Although the entries contain pictures, the copy should hold only their exact text.

----------

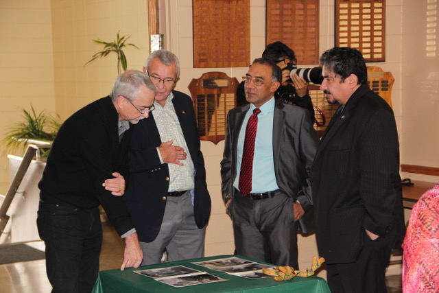 In discussion are Jim Haptonstahl, Executive Vice President of UCP Seguin, Bob Porod, Town Trustee, Victor Garcia, Town Trustee, and Frank Aguilar, Director, Community Affairs & Special Projects.
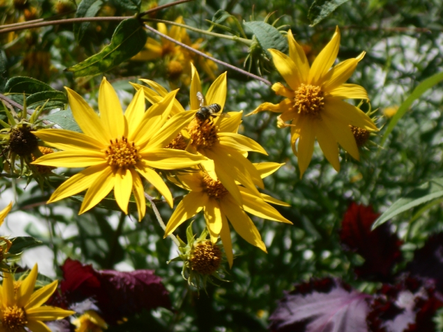 Woodland sunflower: tall and wandery, jovial, splashing clear yellow over the bed; easy to pull when it gets too tipsy but can be a bear if it roots where you don’t want it.
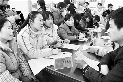 12月3日,安徽省含山县司法工作者和律师正在接受农民工的现场咨询。当日,该县相关部门联合开展“送法进企业”活动,司法工作者和律师就农民工所关心的《劳动合同法》、《物权法》、《工伤保险条例》等法律法规开展咨询,现场解答农民工的法律问题,帮助农民工维护自身合法权益。
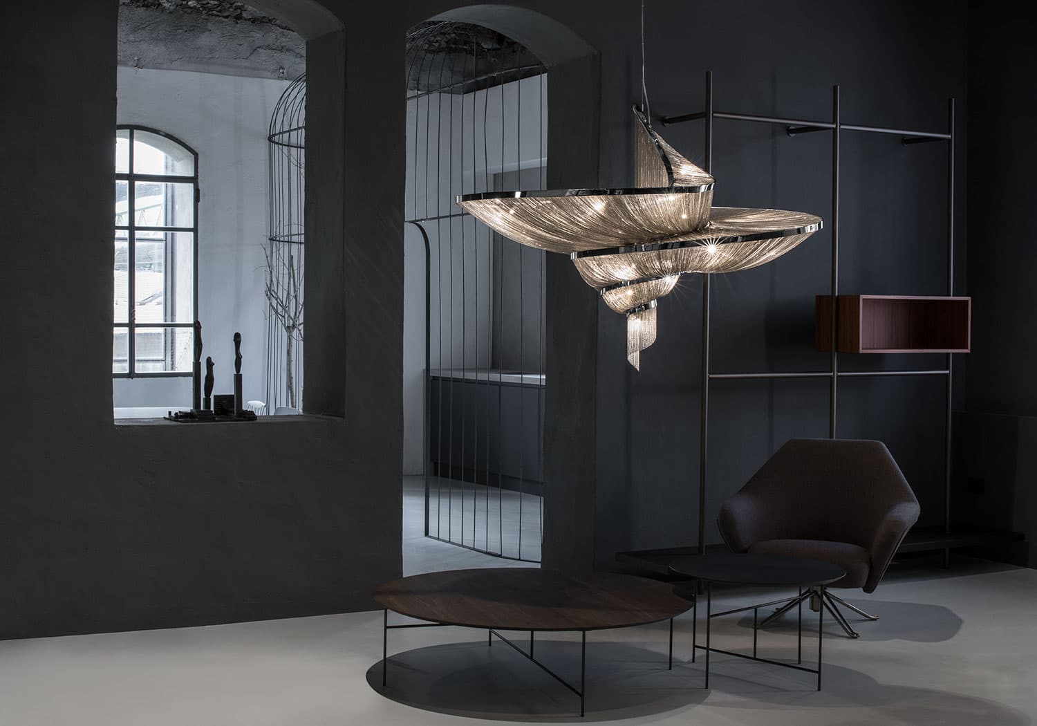 Epoque is a light sculpture designed to study chiaroscuro and volumes. The result is a modern expression of these Renaissanceera techniques in a stunning chandelier. Composed of curved, organic lines, Epoque’s frame is made of flexible and durable brass metal, suspended by nickel metal chains.
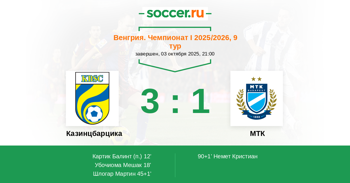 12' (1:0) Картик Балинт (10)
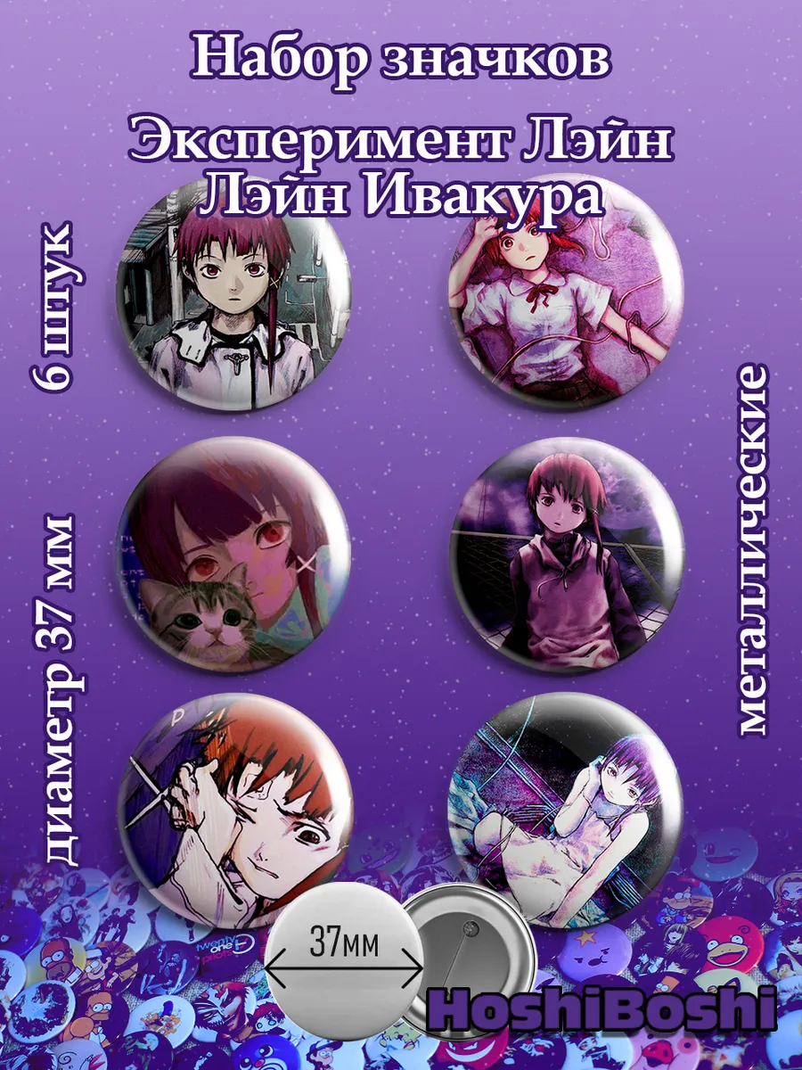 Набор из 6 металлических значков с изображениями из аниме Эксперимент Лэйн ( Serial Experiments Lain ).
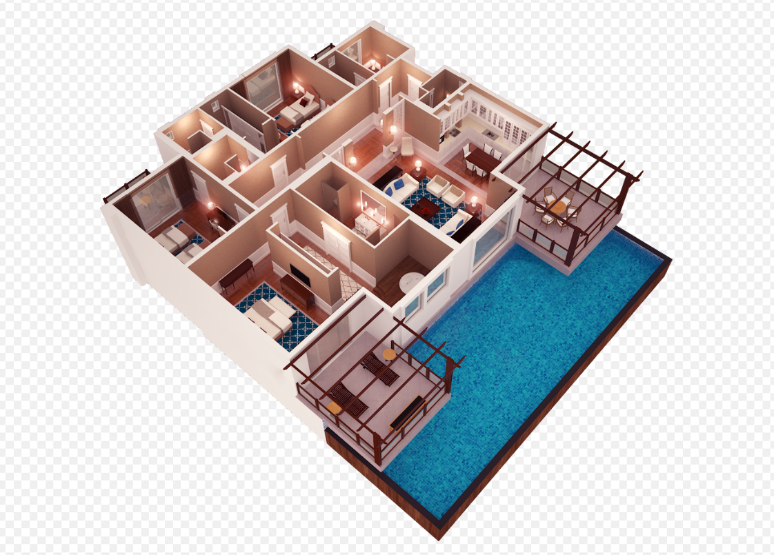 3 спальни: одна спальня с двуспальной кроватью и отдельной ванной комнатой, две спальни с двуспальными кроватями и общей ванной комнатой, отдельная гостиная комната с американской кухней, комната для няни с ванной комнатой, терраса с прямым доступом к общему бассейну, вид на бассейн (бассейн не работает зимой), услуги дворецкого, план номера;

----------

_Exercise response_
 In discussion are Jim Haptonstahl, Executive Vice President of UCP Seguin, Bob Porod, Town Trustee, Victor Garcia, Town Trustee, and Frank Aguilar, Director, Community Affairs & Special Projects.
 Woodland sunflower: tall and wandery, jovial, splashing clear yellow over the bed; easy to pull when it gets too tipsy but can be a bear if it roots where you don’t want it.
 12月3日,安徽省含山县司法工作者和律师正在接受农民工的现场咨询。当日,该县相关部门联合开展“送法进企业”活动,司法工作者和律师就农民工所关心的《劳动合同法》、《物权法》、《工伤保险条例》等法律法规开展咨询,现场解答农民工的法律问题,帮助农民工维护自身合法权益。
 Epoque is a light sculpture designed to study chiaroscuro and volumes. The result is a modern expression of these Renaissanceera techniques in a stunning chandelier. Composed of curved, organic lines, Epoque’s frame is made of flexible and durable brass metal, suspended by nickel metal chains.
 12' (1:0) Картик Балинт (10)
 Набор из 6 металлических значков с изображениями из аниме Эксперимент Лэйн ( Serial Experiments Lain ).
 3 спальни: одна спальня с двуспальной кроватью и отдельной ванной комнатой, две спальни с двуспальными кроватями и общей ванной комнатой, отдельная гостиная комната с американской кухней, комната для няни с ванной комнатой, терраса с прямым доступом к общему бассейну, вид на бассейн (бассейн не работает зимой), услуги дворецкого, план номера;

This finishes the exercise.